No wonder I’m in a mommy coma. Rex got me up at 4:50am. “Thomas Tank, Thomas Tank.” We are out of milk. UGH.

This is a good one… with cameos by producer Michelle — who just had a baby boy!! Welcome Paz (we’ll meet him soon) — and Marissa, production assistant and jack of all trades.

Are you in a mommy coma?

Treasure Kai: The Book App

I’m still dirt deep in my landscape project at Vivien’s school. We are a designated Big Sunday school… the get out and volunteer day. As the head of the committee — um, there are two of us — I have been hoeing it up in such a different way from the late ’90’s. On prep day I was so engrossed in where the boulders and Mexican Sage should be placed, I lost the keys to Mark’s catering van (sorry honey!) Felt like such a bimbo.

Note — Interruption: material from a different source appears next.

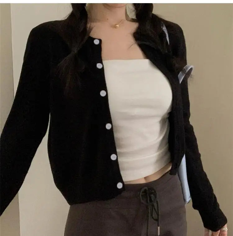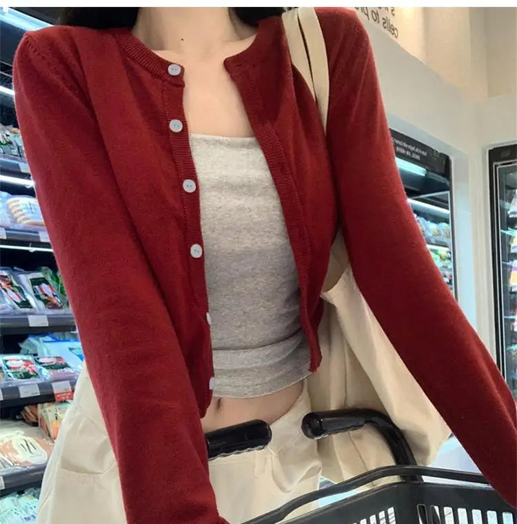 Alobee Red Cardigan Knit Early Autumn Women Clothes New 2024 Outdoor Crop Sweater Outerwear Long Sleeve Top Bottoming Shirt
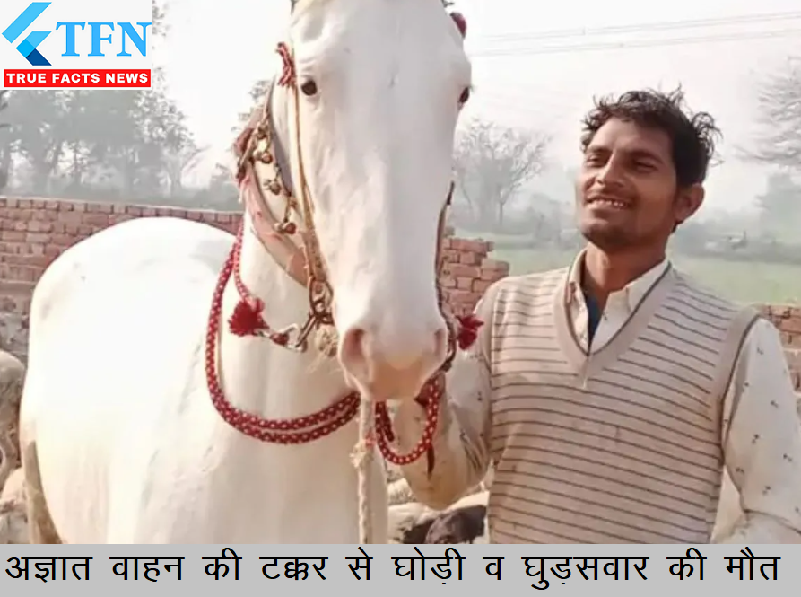 राजस्थान के भरतपुर जिले के कुम्हेर डीग रोड पर एक अज्ञात वाहन की टक्कर से घोड़ी व घुड़सवार की मौत हो गई। कुम्हेर कस्बे के गुदड़ी निवासी तीन नाबालिग बच्चों के पिता भूरा शादी में दूल्हे की निकासी कराने के बाद घोड़ी से अपने घर जा रहा था। इस दौरान अज्ञात वाहन ने टक्कर मार दी। जिसके कारण करीब सौ मीटर तक दोनों को घसीटा और दोनों की दर्दनाक मौत हो गई।

So, this vid is from a calmer time. In between volunteering for tasks that are really too much for me. I’m very proud of how well Vivien is reading, but she sees her older brother playing games on his iPad and is gravitating toward this, so a friend in Australia pointed me to this app as a way to bridge this.

Beat Poet: Sheep in a Jeep

When you read a book enough times you can move past boredom to appreciation.  I am clearly not alone as I found another grown woman online with her own version. I found reading the rhythmic “Sheep in a Jeep” to Vivien and now Rex to be pleasant and quick.  It was a book that never overstayed its welcome and it is pretty clever.  I heard a different sound in it.  In another time and coffeehouse maybe it could have been presented as a beat poem.

It’s not Howl, but please come into my scene and dig it.

Trash Trucks

As parents, we indulge our kids’ interest … which is how you can end up standing up in public, next to a large gang-looking guy with many tattoos as you both belt out, “I’m the map, I’m the map.”

Recently I catered to Vivien’s delight with the Imagination Movers concert. But on a weekly basis I try to get Rex what he wants. It doesn’t cost a thing, I get some exercise and I think we make some city workers feel mighty special.